A couple weeks ago, as part of Glasgow’s Doors Open Day, volunteers offered tours of the Necropolis. Located behind Glasgow Cathedral, the Necropolis is a crumbling celebration of Victorian Glasgow’s elite. Glasgow thrived as the Empire’s “second city” the same way its first city did, by exploiting those it colonized. Ironic, then, that the cemetery is crumbling, in part, because scrap metal dealers and more marginal entrepreneurs have “colonized” it, stealing plaques and other ornamental bits from the 3,000 or so monuments scattered across its 37 acres. But not all the dead were industrialists and colonizers. John Henry Alexander, for example, was an actor. He owned and managed the Theatre Royal in Dunlop Street which was Glasgow’s preeminent venue until 1849 when someone shouted “Fire” during a performance and 61 people were trampled to death despite Alexander’s efforts to assure the audience that there was not, in fact, a fire. Accounts imply that the tragedy was responsible for his death a short time later. No doubt he languished. No doubt he was wracked with guilt.
I was struck by the epitaph, twelve lines in rhyming couplets:
Fallen is the curtain – the last scene is o’er.
The favourite actor treads life’s stage no more.
Oft lavish plaudits from the crowd he drew
And laughing eyes confess’d his humour true.
Here fond affection rears this sculptured stone
For virtues not enacted but his own –
A constancy unshaken unto death.
A truth unswerving and a christian’s faith.
Who knew him best have cause to mourn him most.
Oh weep the man more than the actor lost.
Unnumber’d parts he played yet to the end
His best were those of Husband Father Friend.
It epitomizes the Victorian aesthetic which is busting out everywhere in the Necropolis. I can see it most obviously in the sculptures. The artists drew on Classical and Ancient Egyptian themes but couldn’t resist churning them through a sentimental blender. While Alexander’s monument presents the classical poles of Comedy and Tragedy, like most of the monuments, it leans hard to the tragic side of things. From a 21st century point of view, the Victorian notion of tragedy is mixed with a treacly goo that magically turns it comic. Where Victorians might have read events – like a theatre trampling – “straight”, we tend to read them with an eye for the absurd or, if we’re Canadian, for the ironic. Maybe that explains why I found myself quietly laughing through most of the tour. Inappropriate, I guess. But absolutely appropriate, too.
The poetry reinforces what I observe in the sculpture. It’s tragedy with syrup. It’s funny. It’s bad. Who would want to commit this saccharine to stone?

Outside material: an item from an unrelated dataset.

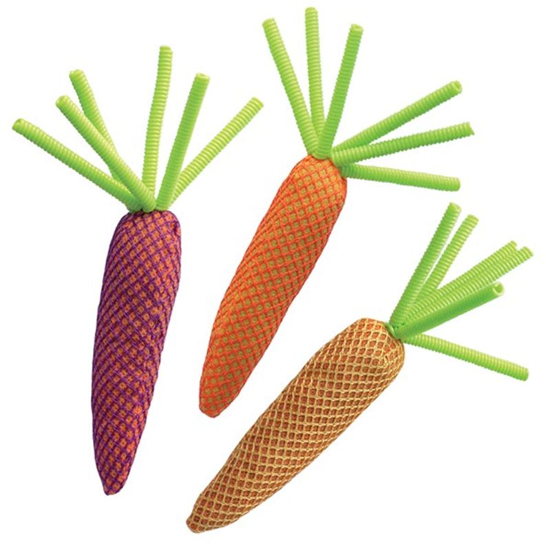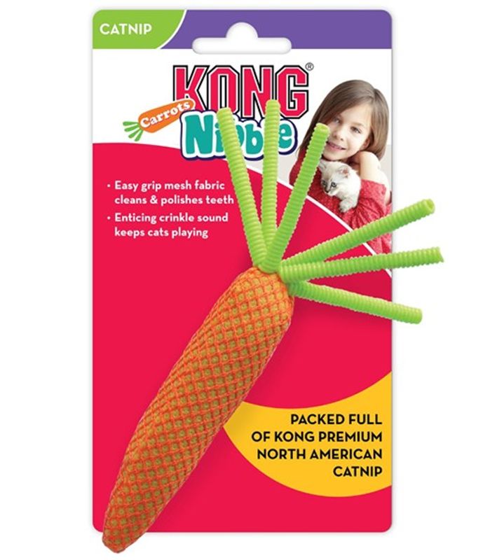 Nibble Carrots från märket Kong är en tålig kattleksak fylld med den starka kvalitets-kattmyntan från Kongs eget märke. Det slitstarka mesh-nätet uppmuntrar katten att tugga och bita på kattleksaken och bidrar till rengöring av kattens tänder. Prasselpapper inuti moroten locker din katt till lek och bus med sin Kong Carrot!

Even so, I wonder if I might be committing hubris. Yes, I know it’s ironic that I’m drawing on a Classical term here. In retrospect, we can see that the Victorian sensibility was more cultural fad than durable ideal. The same will probably be true of my aesthetic of absurdity, irony and unreason. So maybe I’m committing hubris when I laugh in a Victorian cemetery while applying standards that will be just as laughable a hundred and fifty years from now when people walk past my pomo headstone with its disco ball and 10,000 word David Foster Wallace quote engraved in really tiny letters.